Jakarta is the second-worst place for expatriates to work in outside of the United States, Canada and Western Europe, according to a recent report published by Businessweek, dampening Jakarta Governor Fauzi Bowo’s rosy report of his administration’s progress.
The Businessweek report, compiled by New York-based human resource company ORC worldwide, ranked emerging markets that might be challenging to move into due to their level of pollution, disease, political violence and availability of goods and services.
The report ranked Jakarta second, just below Lagos in Nigeria and above Riyadh in Saudi Arabia, saying the threat of violence from extremists, in particular, was a serious drawback to living in Jakarta.
“Indonesia is the world’s largest Muslim country and has suffered several high-profile attacks by terrorists targeting foreigners,” it said.
Bombings targeting foreign interests in Jakarta, such as the JW Marriott hotel bombing in 2003, have been repeated elsewhere in the city.
The report said despite problems common to many developing cities such as the risk of disease, poor sanitation and excessive pollution, “Indonesia can be an enticing location”.
In response, the Jakarta administration took the report positively, saying it could spur the administration to improve its performance.
“The administration is not the only one taking part in the development of the capital.
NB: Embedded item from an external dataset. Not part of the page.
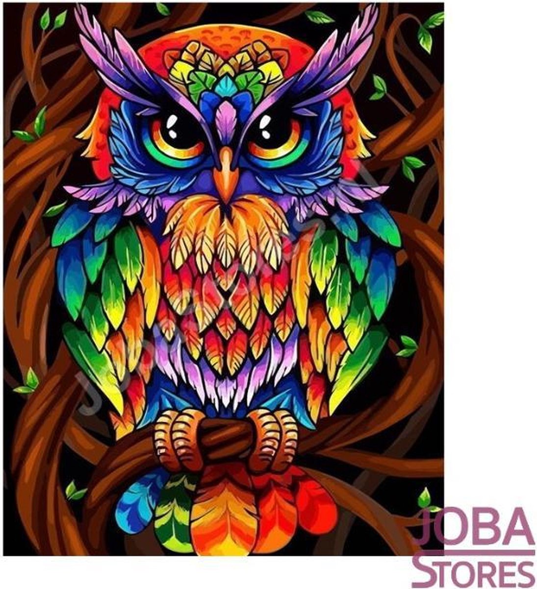 Schilderen op nummer "JobaStores®" Gekleurde Uil 40x50cm

We also need support from the government,” city secretary Muhayat said Tuesday.
He added crime had always been one of the main issues for a capital city like Jakarta.
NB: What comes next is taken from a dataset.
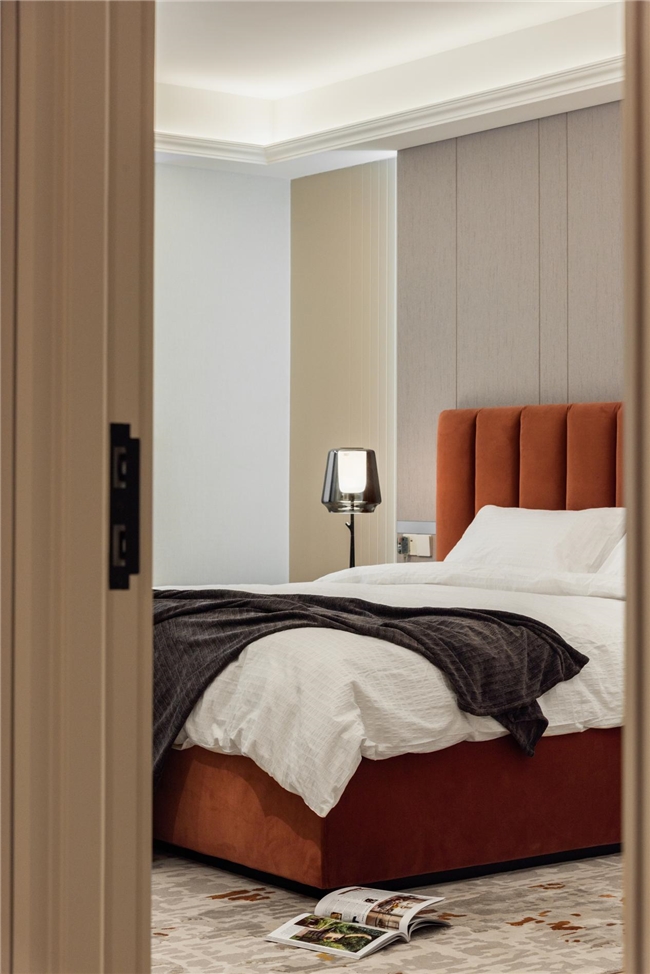 静谧栖居的卧室是质感的营造,通过设计手法的把控,材料工艺的建造,精心呈现如艺术品般一体质感的生活场景,纯净的色调,舒心依靠窗畔,在与自然的交互中,舒缓情绪。

“The survey might say Jakarta’s crime rate tends to be serious, but in reality, it is still safe walking at night in the city,” he said.
City Council deputy speaker Dani Anwar said the survey could serve as a lesson for the administration.
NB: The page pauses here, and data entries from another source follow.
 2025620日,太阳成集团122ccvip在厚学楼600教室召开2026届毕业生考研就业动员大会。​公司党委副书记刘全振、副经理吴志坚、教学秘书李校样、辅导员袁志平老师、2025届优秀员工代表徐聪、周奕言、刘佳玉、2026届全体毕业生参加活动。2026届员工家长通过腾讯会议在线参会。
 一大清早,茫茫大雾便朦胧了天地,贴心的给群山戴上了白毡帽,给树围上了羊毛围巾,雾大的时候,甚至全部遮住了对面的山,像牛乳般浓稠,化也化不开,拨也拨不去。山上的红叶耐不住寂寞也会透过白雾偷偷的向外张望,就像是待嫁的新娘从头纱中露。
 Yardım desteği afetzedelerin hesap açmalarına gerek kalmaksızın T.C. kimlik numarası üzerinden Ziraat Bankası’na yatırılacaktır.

“The administration could improve its performance and the city’s public services,” he said.
Several expatriates said Jakarta did not deserve the poor rating.
“I’ve worked in Washington D.C., and I wouldn’t be so calm about walking the streets at 3 a.m. there. They have guns there,” said Sam Polk, a political analyst from Minnesota who has been working in Jakarta for the past year-and-a-half.
Australian Phil King, who has been in Indonesia for five years, much of it in Jakarta, also had a hard time believing the report.
“I have a problem with the noise pollution here… and I wish there was more information coming
into a government facility like immigration so I’d know what to do there, but I’ve worked in Kuala Lumpur and Singapore and it's hard to believe that Jakarta is second-worst."
King said his main gripes about Jakarta were mostly related to traffic and bureaucracy.
“In Kuala Lumpur, I could probably get to five meetings, whereas in Jakarta, I’d be lucky to fit in two.”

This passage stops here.